Sinlung /
25 April 2011

Searching For Lives Lost In The WWII Himalayan Airlift

Clayton Kuhles pictured with guides and porters on a search expedition in the Himalayas.

By GUY KOVNER

On a grassy slope more than 13,000 feet high in the Himalayas, Clayton Kuhles found the metal wreckage he was seeking in October, 2003.

Little did the mountaineer from Prescott, Ariz. know that he also had discovered his calling.

“It's my passion,” said Kuhles, 57, who has trekked to 19 crash sites on seven expeditions to the mountains of India, Bhutan and Burma, now known as Myanmar..

He mostly pays for the trips, which cost about $15,000 each, describing himself as a self-employed entrepreneur and adventurer.

Kuhles' first documented crash site in the northeast corner of India, complete with GPS coordinates, was the one in 2003. He found the wreck of a C-87 Liberator Express four-engine cargo plane that crashed on April 24, 1943 during a World War II airlift over the world's tallest mountains.

The aircraft's metal pieces lay in plain view on the mountainside, along with human bones and leather remnants of the aviators' uniforms.

Some of the bones subsequently were identified by the Army as the remains of Mervyn Earl Sims, a 23-year-old Army private from Petaluma who was buried with full military honors Friday in his hometown.

For Kuhles, it was the first funeral that has resulted from his recovery of remains from 182 missing Americans who perished in the airlift of wartime supplies between India and China.

“It's come full circle, that's how I would describe it,” Kuhles said at the funeral.

Nearly 600 aircraft and more than 1,600 people were lost on the 500-mile route nicknamed the “aluminum trail” for the prevalence of downed planes.

Worldwide, there are more than 72,000 Americans unaccounted for out of the more than 400,000 casualties of World War II, the Defense Department said Friday.

Army Reserve Brig.

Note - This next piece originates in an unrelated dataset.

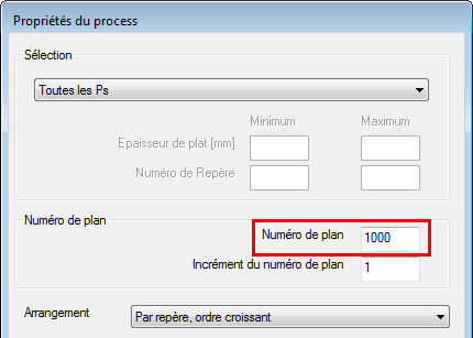 - Dans la boîte de dialogue Propriétés du process, utilisez le champ Numéro de plan pour définir le numéro du plan en fonction de vos besoins. Ce numéro deviendra le numéro de pièce. Dans cet exemple, le numéro de plan défini est 1 000 :

Gen. Gary Medvigy, who attended Sims' funeral, thanked Kuhles for his efforts. “It's so important to all of us,” said Medvigy, who is also a Sonoma County judge. “We really do appreciate it.”

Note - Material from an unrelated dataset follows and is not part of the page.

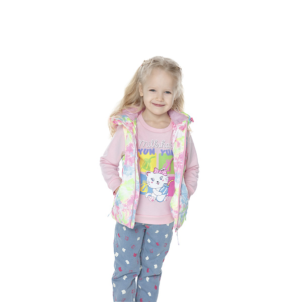 Джинсовые брюки нежного бирюзового оттенка украшены кошачьими мордочками белого и розового цвета. Оригинальное цветовое решение и оформление точно понравится маленькой девочке. Фасон брюк классический, а посадка стандартная. Изделие сшито на ребенка ясельного возраста. Обработка швов и карманов соответствует взрослым моделям джинсов, так что малышки, которые хотят подражать маме и носить такую же одежду будут товно довольны. Пояс представляет собой бархатистую трикотажную полую резинку со шнурком внутри. Это помогает зафиксировать брюки точно по фигуре ребенка с учетом комплекции.

The Himalayan crash sites aren't hard to find, Kuhles said, because native guides and porters have known about them for decades.

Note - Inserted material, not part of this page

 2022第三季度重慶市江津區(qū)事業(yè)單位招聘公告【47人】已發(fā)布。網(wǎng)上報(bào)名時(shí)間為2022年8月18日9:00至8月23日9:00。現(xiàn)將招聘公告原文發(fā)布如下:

Kuhles said he gets leads on the sites from his trekking contacts in Southeast Asia. The hikes are arduous, he said, but not hazardous and the landscape is stunning.

“It's kind of like stepping back into the stone age,” Kuhles said, describing tribal villages without electricity or running water and few, if any, metal objects.

It took two days of combing the C-87 crash site to find the critical piece, the aircraft's serial number on a crumpled metal plate. It was the only way to determine who was aboard, Kuhles said.

The mountaineer said he is planning two trips later this year, one to Yunnan Province in China in August and then back to northeast India to look for 10 crash sites in the fall.

The U.S. military organization that looks for missing troops is currently not allowed in parts of India because of objections raised by the Chinese, Kuhles said.

“I can go wherever I want,” he said. “I plan to do this until I die.”